Lentinula edodes Genome Survey and Postharvest Transcriptome Analysis

Abstract

ABSTRACT Lentinula edodes is a popular, cultivated edible and medicinal mushroom. Lentinula edodes is susceptible to postharvest problems, such as gill browning, fruiting body softening, and lentinan degradation. We constructed a de novo assembly draft genome sequence and performed gene prediction for Lentinula edodes . De novo assembly was carried out using short reads from paired-end and mate-paired libraries and by using long reads by PacBio, resulting in a contig number of 1,951 and an N 50 of 1 Mb. Furthermore, we predicted genes by Augustus using transcriptome sequencing (RNA-seq) data from the whole life cycle of Lentinula edodes , resulting in 12,959 predicted genes. This analysis revealed that Lentinula edodes lacks lignin peroxidase.
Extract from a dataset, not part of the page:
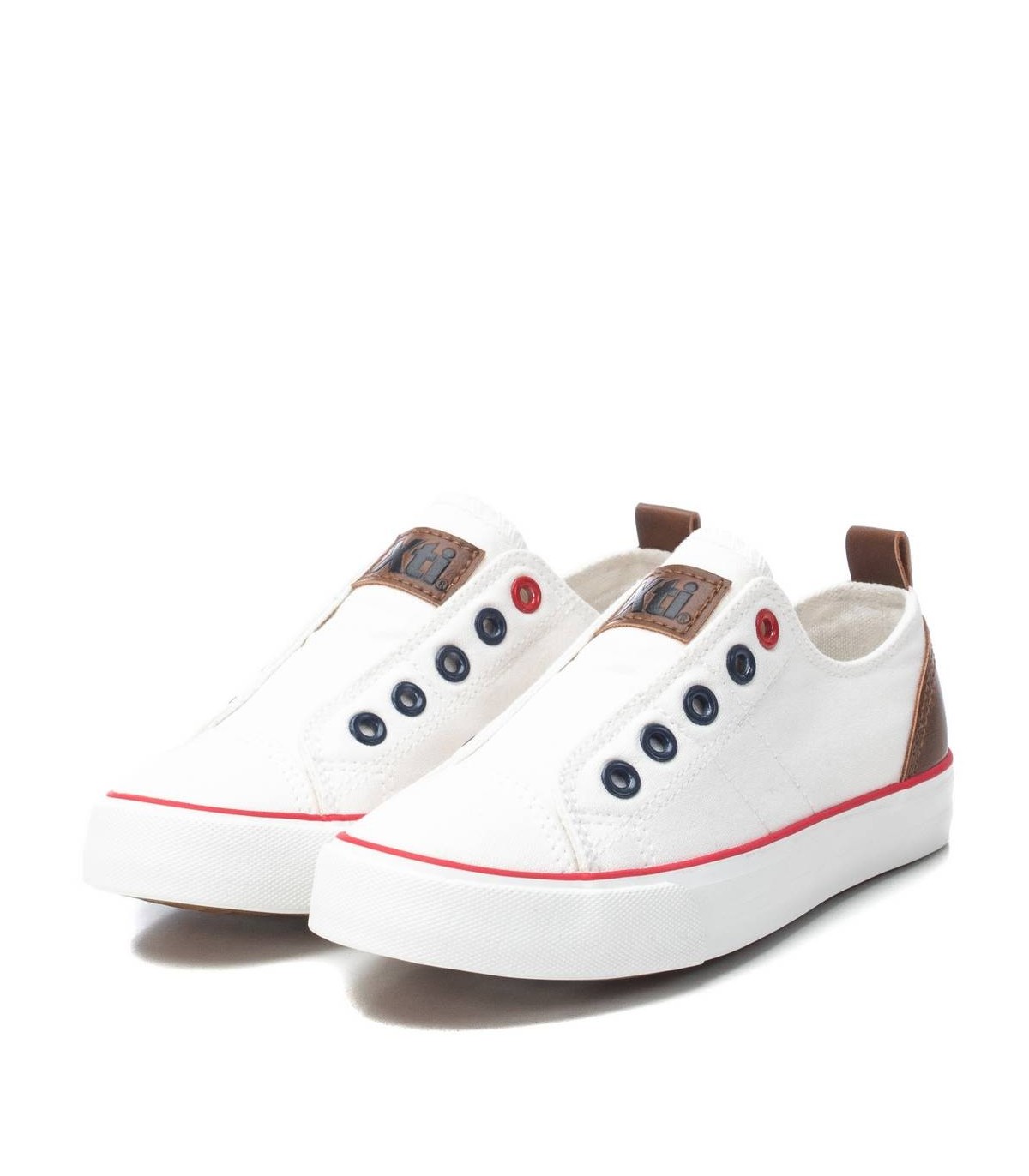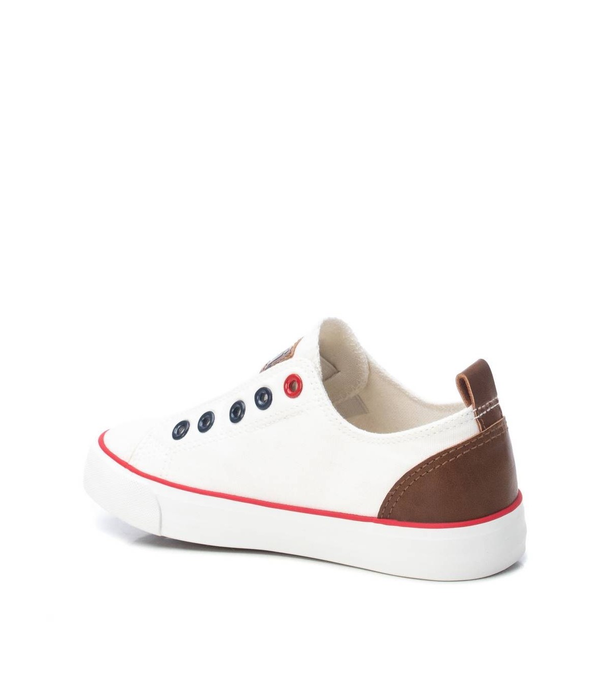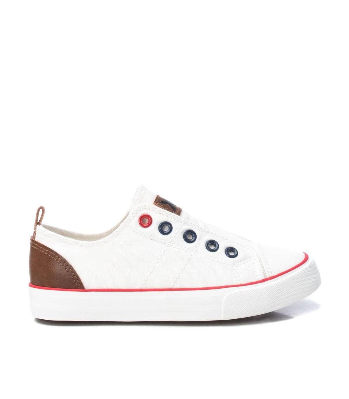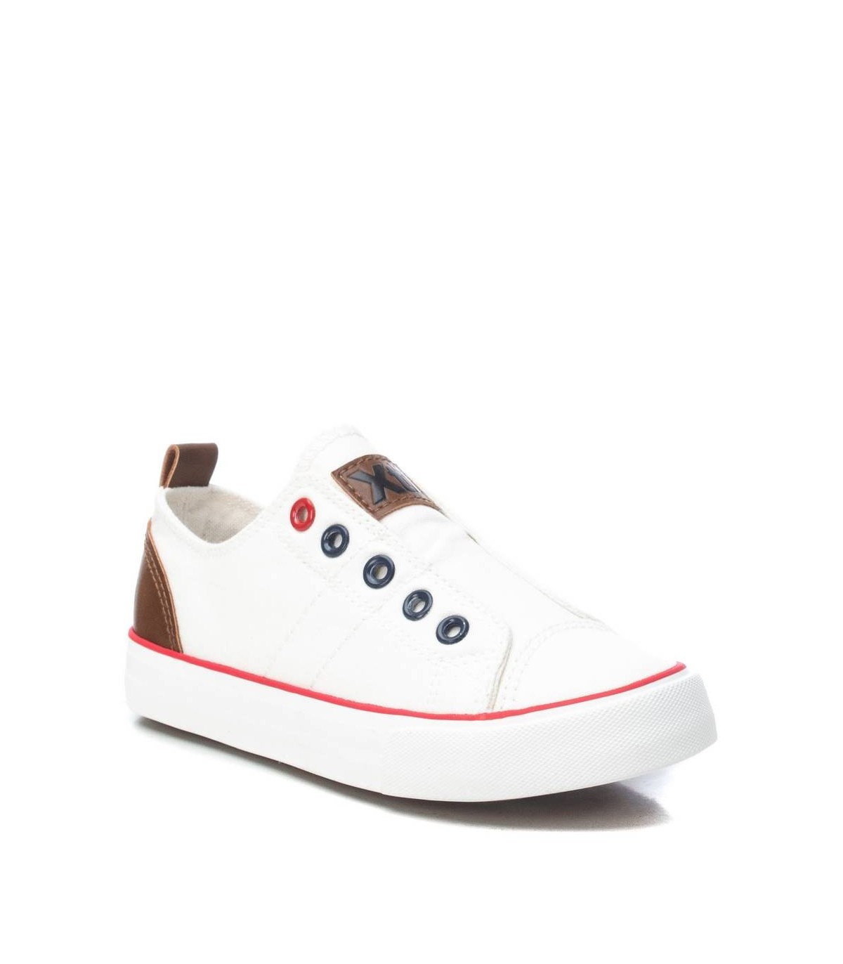 Zapato de lona de niño, de la marca Xti Kids. Cómodo modelo, diseñado sin cordones y piso de goma de 2 cm. Imprescindible en el día a día de los más pequeños. Este modelo ha obtenido el certificado vegano por la organización mundial PETA (Organización de los derechos de los animales).

To reveal genes involved in the loss of quality of Lentinula edodes postharvest fruiting bodies, transcriptome analysis was carried out using serial analysis of gene expression (SuperSAGE). This analysis revealed that many cell wall-related enzymes are upregulated after harvest, such as β-1,3-1,6-glucan-degrading enzymes in glycoside hydrolase (GH) families GH5, GH16, GH30, GH55, and GH128, and thaumatin-like proteins. In addition, we found that several chitin-related genes are upregulated, such as putative chitinases in GH family 18, exochitinases in GH20, and a putative chitosanase in GH family 75. The results suggest that cell wall-degrading enzymes synergistically cooperate for rapid fruiting body autolysis. Many putative transcription factor genes were upregulated postharvest, such as genes containing high-mobility-group (HMG) domains and zinc finger domains. Several cell death-related proteins were also upregulated postharvest. IMPORTANCE Our data collectively suggest that there is a rapid fruiting body autolysis system in Lentinula edodes . The genes for the loss of postharvest quality newly found in this research will be targets for the future breeding of strains that keep fresh longer than present strains. De novo Lentinula edodes genome assembly data will be used for the construction of a complete Lentinula edodes chromosome map for future breeding.